A typical Convolution Neural Network (CNN) is made up of stacked convolution layers in combination with max pooling and dropout. In a CNN layer we make a choice to either have a stack of 3x3 filters or a stack of 5x5 filters or a max pooling layer. All these are beneficial to the modelling power of the network. The inception module suggests to use all. These means instead of adding a particular filter layer we add all 1x1, 3x3 and 5x5 layer. The output of all the filters is concatenated and passed onto the next layer.
The dataset is of 10 breeds of cats: Bombay, Calico, Burmese, Himalayan, Munchkin, ragdoll, Siberian, British shorthair, Russian Blue, Dilute Calico. We will train the architecture on this dataset consisting of 10 different classes. Each image is represented as 32x32 pixels each for red, blue and green channels. The labels are converted to categorical type using one hot encoding, dataset is split into training and testing sets.
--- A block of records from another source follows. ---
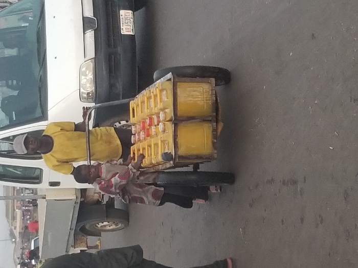On a paved road in Lokoja, Nigeria, an adult male and a young child are engaged with a loaded handcart. The adult male, wearing a grey baseball cap and a yellow t-shirt, stands behind the cart, pushing it with both hands on the handles. A young child, dressed in a red, white, and brown patterned long-sleeved shirt, is positioned to the left of the handcart's front, looking towards the viewer, with one hand near the cart's contents. The handcart is a metal-framed, two-wheeled structure with a wooden platform, laden with approximately sixteen yellow plastic jerrycans. The jerrycans in the front row display a mix of red and cream-colored caps. In the immediate background, a white commercial van, identified by its Peugeot badge and Nigerian license plate ABJ-535XV, is visible. To the left and further back, a white utility truck is partially discernible, along with other distant figures, indicating a street or market environment. The road surface is dark grey asphalt, and the scene is illuminated by daylight.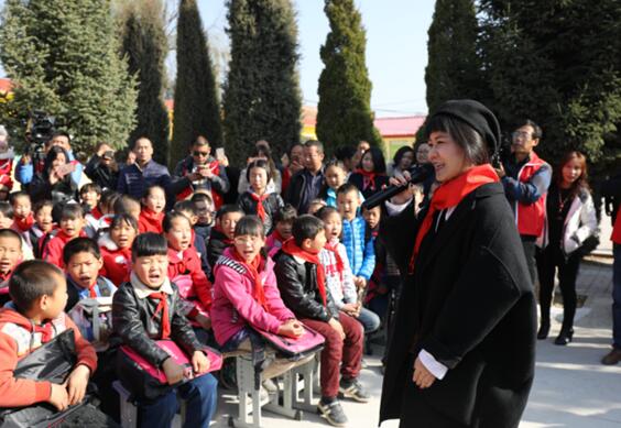 讓樂陶山小學(xué)的孩子們感到更為驚喜的是,除了捐建圓夢教室外,宏耐還邀請了中國好聲音人氣學(xué)員,也是宏耐美育圓夢的愛心大使唐寧來到了現(xiàn)場,為大家上了一堂“明星音樂課”。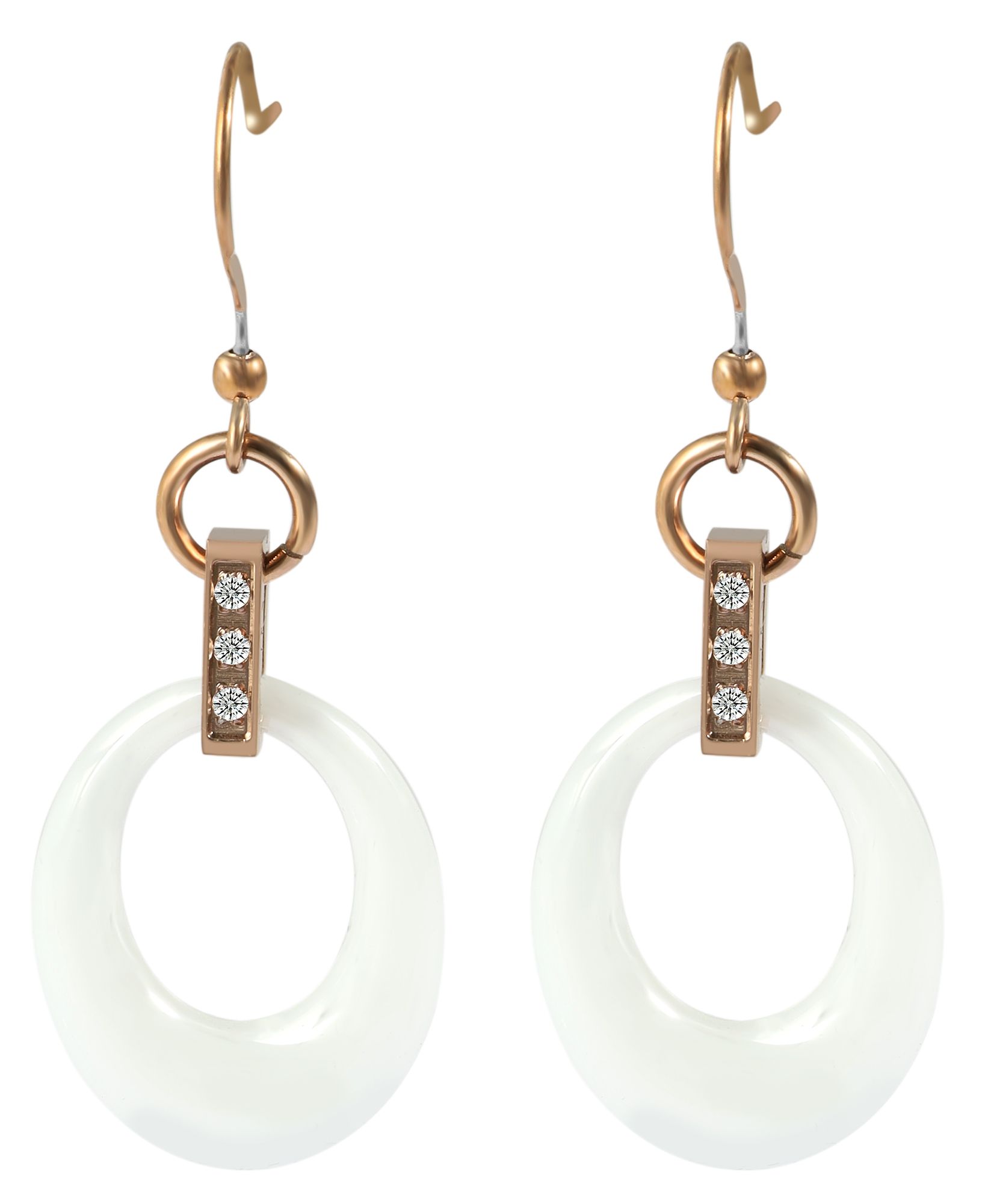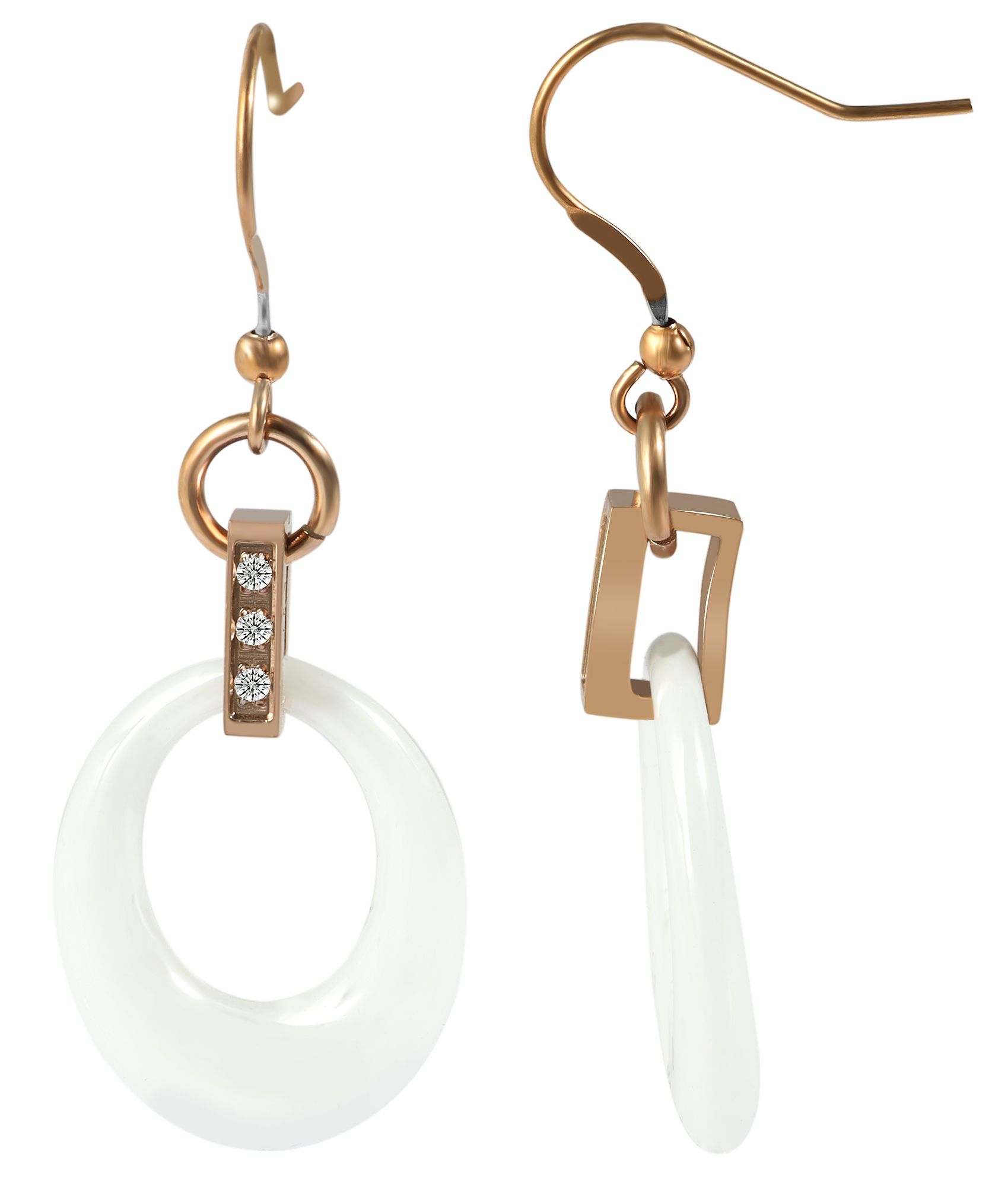 Akzent aus Keramik und Edelstahl. Die Beschichtung besteht aus IP Roségold. Die Farbe ist Weiß. Die Beschaffenheit zeigt sich in Edelstahl glänzend. Der Artikel hat folgende Abmessungen: Breite 4 mm, Höhe 3,8 cm. Aufgewertet wird der Ohrschmuck mit Zirkonia Steinen in Weiß.

Image size is kept constant and all these tasks are carried by “image_dataset_from_library” from the TensorFlow library.
In order to create a model, let us first decide an input_img tensor as 32x32 image with 3 channels (RGB). We will create 1x1, 3x3, 5x5 Convolution layers for the inception model. We will provide input_img tensor to layer_1, layer_2, layer_3. The padding is kept same so that the output shape of the Conv2D operation is same as the input shape. So, the final output of each filter of layer_1, layer_2 and layer_3 is same. Thus, we can easily concatenate these filters to form the output of our inception module. We flatten the output to a one-dimensional collection of neurons which is then used to create a fully connected neural network as a final classifier.
Thus, we obtain a fully connected neural network with final layer having 10 neurons one corresponding to each class. We can now create the model we compile and fit the model with RMSprop optimizer.